An innovative method of using levitation to perform ‘touchless’ chemical reactions has been developed by University of Hawaiʻi at Mānoa researchers.
Department of Chemistry Professor Ralf I. Kaiser and postdoctoral researcher Stephen Brotton developed the technique using acoustic levitation to conduct contact-free experiments without using containers or other materials that may affect results. The study was featured in Analytical Chemistry.
‘Scientific motivation’ drives method
Existing electromagnetic levitation methods generally require objects to have certain physical properties, such as an electric charge or magnetism. Previously developed acoustic levitation techniques used sound waves to suspend an object in a gas, but proved difficult to obtain measurements as chemical reactions occurred.
UH Mānoa’s method features a newly-designed acoustic levitator. Kaiser said “scientific motivation” and existing “intensive research” drove the pair during the process. To test the system, they suspended one droplet above another. Then, the researchers matched the frequency of the modulating sound wave to the natural vibration frequency of the upper droplet to make it oscillate.
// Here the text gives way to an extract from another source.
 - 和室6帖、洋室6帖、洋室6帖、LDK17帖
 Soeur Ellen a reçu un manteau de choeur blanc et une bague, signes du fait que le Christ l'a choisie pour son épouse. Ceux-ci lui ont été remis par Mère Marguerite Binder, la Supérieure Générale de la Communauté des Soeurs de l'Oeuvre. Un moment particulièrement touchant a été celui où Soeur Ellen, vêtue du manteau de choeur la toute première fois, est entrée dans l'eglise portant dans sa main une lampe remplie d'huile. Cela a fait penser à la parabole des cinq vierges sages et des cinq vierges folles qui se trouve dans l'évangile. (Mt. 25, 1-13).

Both droplets then merged and the chemical reaction was initiated and observed.
“The levitator setup had already been designed and developed at the University of Hawaiʻi at Mānoa over a few years originally for space simulation experiments and material sciences,” Kaiser said. “However, the specific innovation to enable the two droplets to be merged was based on an idea requiring modifications to the apparatus.”
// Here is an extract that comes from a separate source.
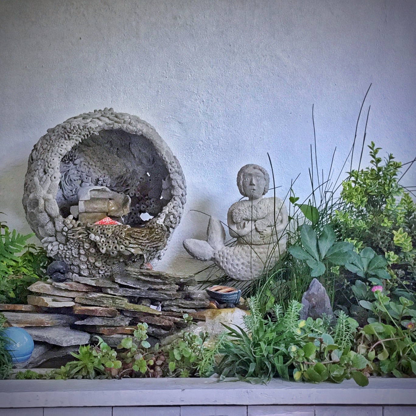 Claudia, deine Decke ist ein echtes Kunstwerk. Wow! Ich bin echt beeindruckt! Auch deine Betonkunst bewundere ich, der Brunnen ist der Wahnsinn, und das ist ja noch nicht alles. Das wäre so gar nichts für mich. Einen großen genähten Kaktus vor die Tür zu stellen, ist ja auch mal eine ganz coole Idee. Darauf wäre ich nie gekommen.

Brotton said that the merging approach passed multiple tests to ensure its effectiveness.
“The four proof-of-concept experiments were successful,” Brotton said. “We therefore learned that the merging approach works well for a wide range of applications and that the physical and chemical changes produced by the merging can be studied in real time via complementary Raman, Fourier-transform infrared and ultraviolet-visible spectroscopies. Additional detection techniques are under development.”
Kaiser and Brotton said the method can be used in a wide range of disciplines including
combustion science (jet fuel), material sciences (alloys, chemical vapor deposition), medicinal
chemistry (tracer tagging), planetary sciences (water and hydrocarbon aerosols) and jet engine engineering (volcanic ash).